[Start of Attachment]

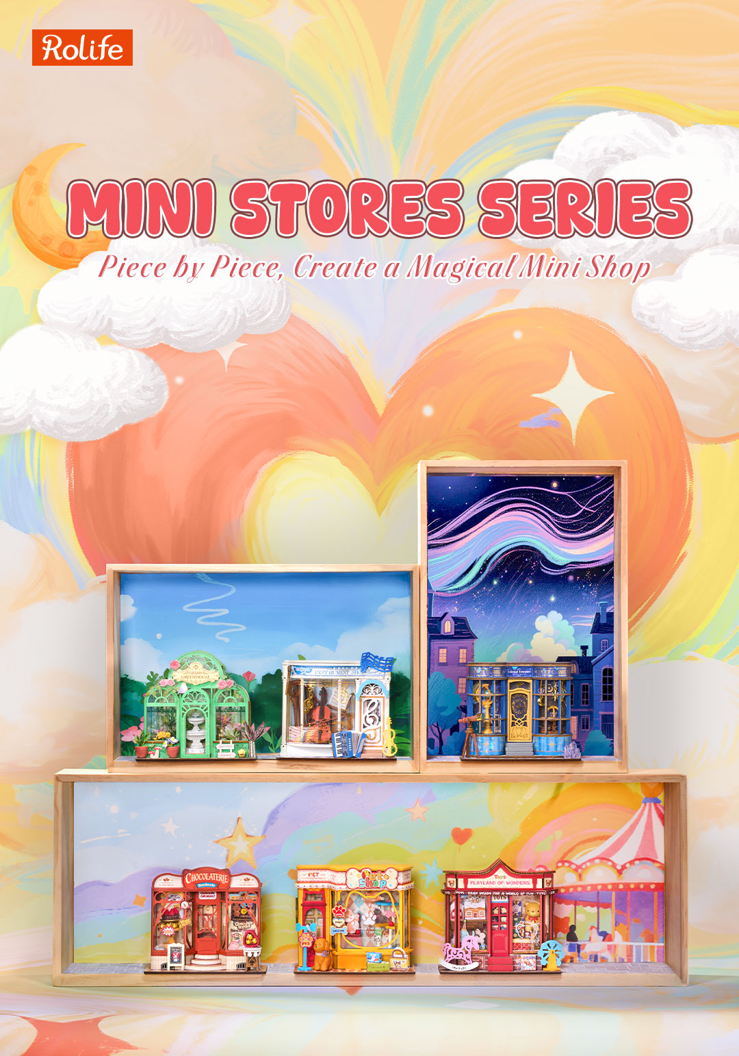 Build this cheerful miniature house kit from Rolife's Tiny Stores collection featuring bright colors, playful details, and lots of nostalgia.
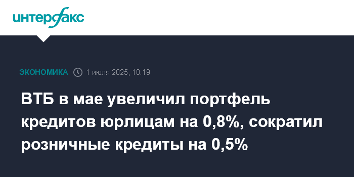 ВТБ в мае увеличил портфель кредитов юрлицам на 0,8%, сократил розничные кредиты на 0,5%
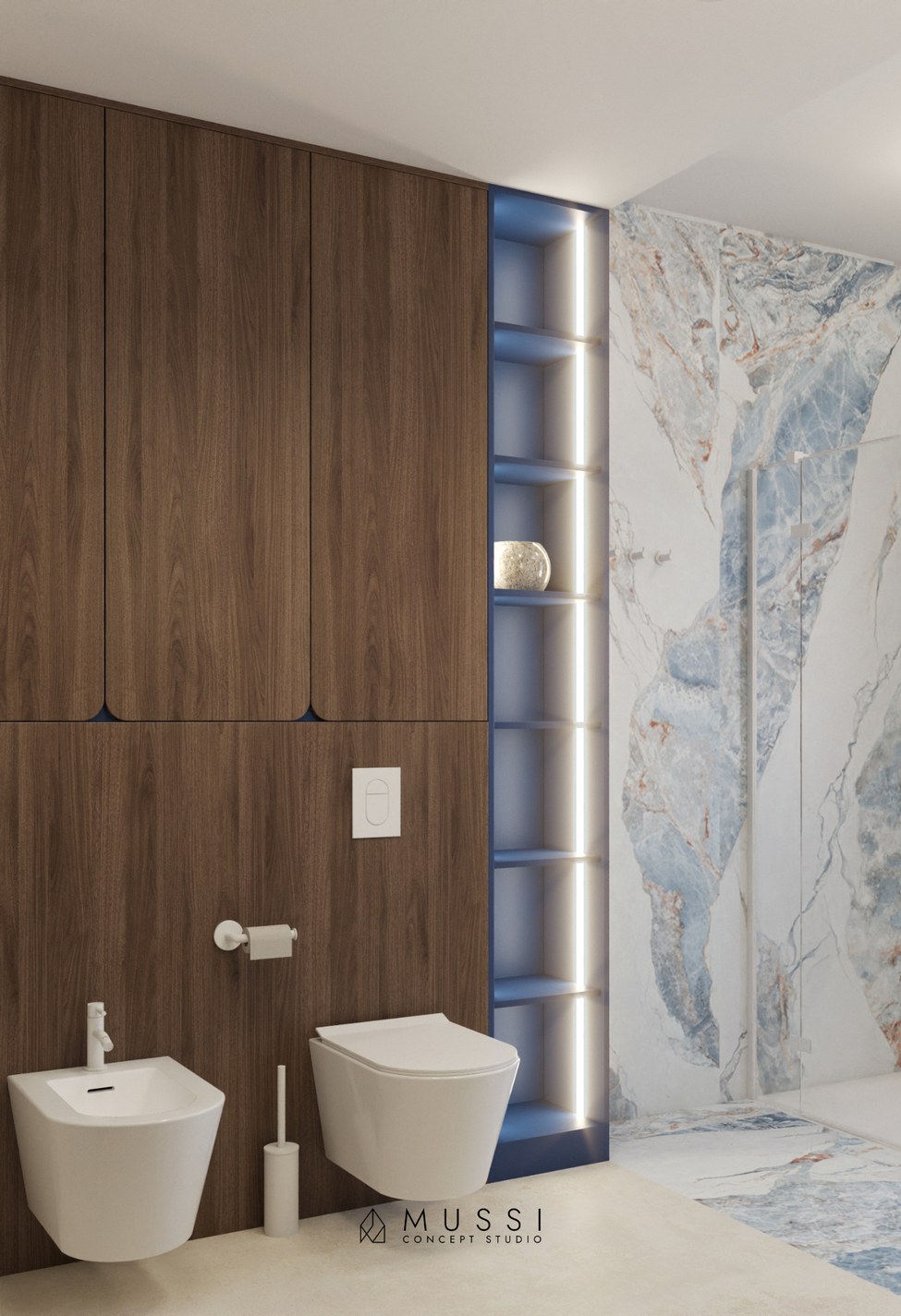 W tak spójnym projekcie pozwoliliśmy sobie na jedno odstępstwo od reguły, tworząc przestrzeń pełną energii i fantazji. Łazienka córki to stylistyczna niespodzianka – królują tu wielkoformatowe spieki kwarcowe o wzorze błękitnego onyksu. Zestawione z mocnymi, chabrowymi akcentami w zabudowie meblowej i designerskim grzejnikiem, tworzą wnętrze świeże, nowoczesne i odważne, które wyraźnie odcina się od stonowanej reszty domu, podkreślając indywidualizm jego użytkowniczki.
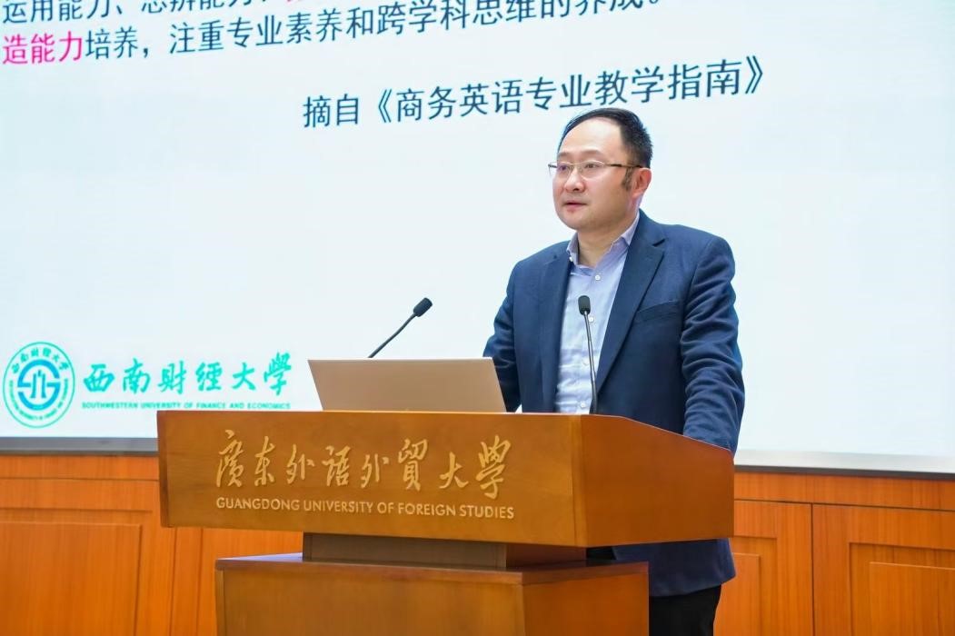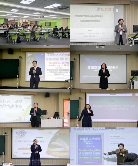 12月14日上午,课程研讨与观摩课在白云山校区一教举行。许琪老师基于多样化的课堂教学活动,聚焦AI赋能口语、阅读、写作三方面,展示其课程小组将人工智能、多模态资源等技术辅助手段应用于教学环节,实现综合商务英语课堂的智慧互动。曾成、郝佳老师从营销课程出发,探索了围绕激活学习内驱力、个性化路径等复合型商务课程的数字化育人理念,聚焦“人”的特征,指出对新的可能性需保持开放心态,拥抱新技术,聆听新声音。“教学是一种情感的实践,蕴含着强烈的情感体验。”陆璐老师以人工智能对教师情感的冲击为出发点,用自我叙事的方式,通过分享其在教学改革与课程建设过程中的经历与反思,尝试将教师个体与特定的社会情景建立关联,探讨如何在教学实践中更好整合情感因素,以提升教育质量和促进教师职业发展。郑铁老师在讲座中分享了其团队在科技与课程教学结合方面的应用和反思,指出在科技赋能教学中教师应积极引导员工,关注“技术自我效能”与“认知负荷”,并在平台开发中争取更多权限,提高员工对于科技赋能“人力资源管理”学习的接受程度。吕洁老师基于商务翻译教学,提出了“实践-教学-研究”(PTR)融合模式,以《商务翻译》课程为例,展示通过翻译实践、教学,形成研究成果的探索路径,强调在翻译中突出关键信息和文化自信。余蕾老师分享了法律口译教学的创新实践,强调场景分析和交际目的的重要性,并结合现代教育技术如VR虚拟法庭提升教学效果,贯彻场景导向的口译教学,让员工对庭审口译的掌握不仅停留在术语层面,而是更深层次地理解庭审口译的特点和原则。
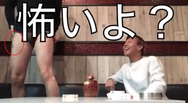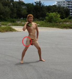 やはりこちらの画像でもどのような模様なのかについてはっきりと確認ができないが、社長の右太もも側面にはなにかタトゥーが彫られているのだ。
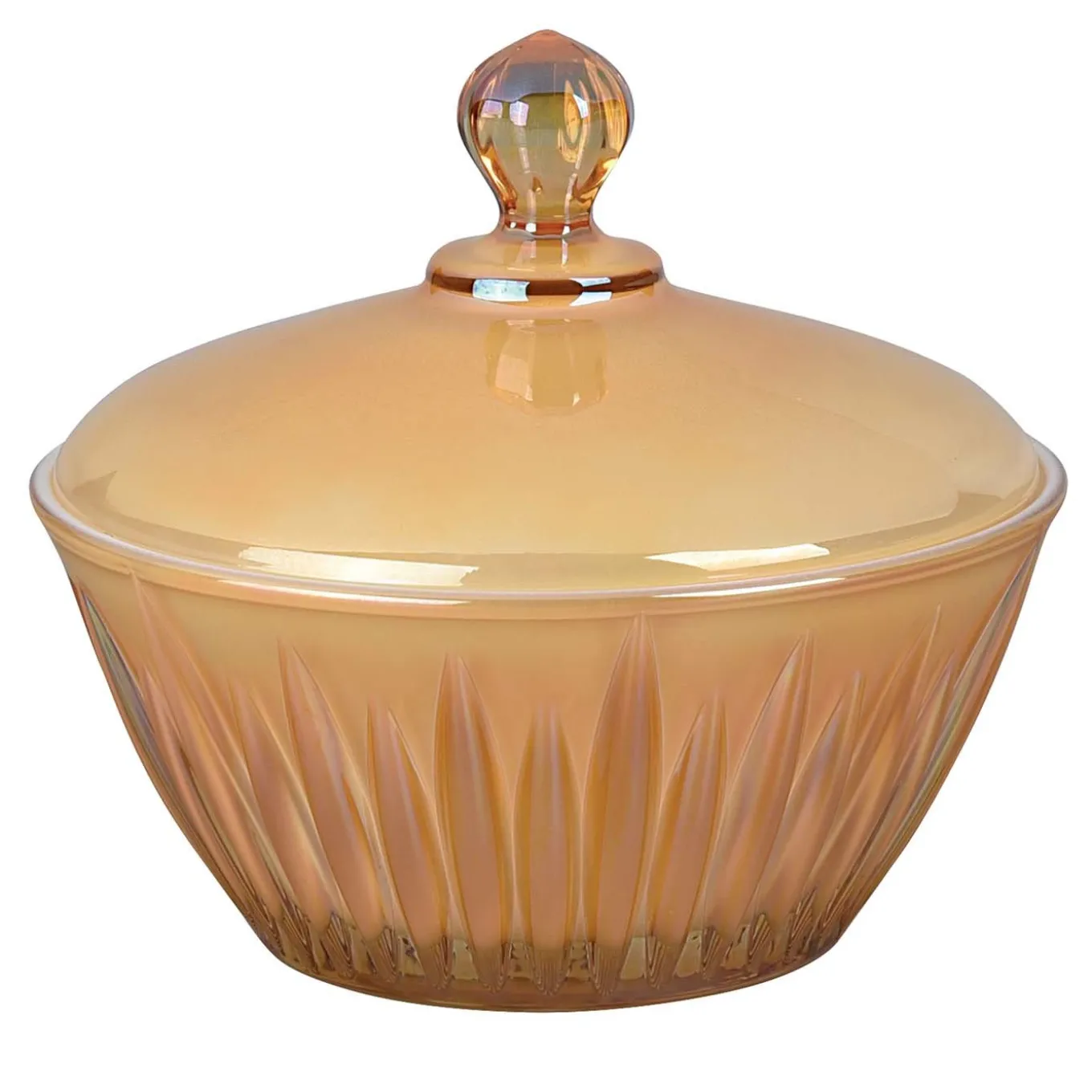 This superb box with lid is a versatile piece of decor that can be utilized in a variety of ways. Elegant and sophisticated, it is exquisitely handcrafted of crystal and decorated by hand in a warm yellow hue marked by vertical etched patterns on the bottom part of the bowl. The piece is completed with a transparent, yellow glass lid with a round finial.

[End of Attachment]

Nothing but the lines from the first line of the listing above to the line containing "ВТБ в мае увеличил" should appear in the answer, each one exact and with no pictures.

 Build this cheerful miniature house kit from Rolife's Tiny Stores collection featuring bright colors, playful details, and lots of nostalgia.
 ВТБ в мае увеличил портфель кредитов юрлицам на 0,8%, сократил розничные кредиты на 0,5%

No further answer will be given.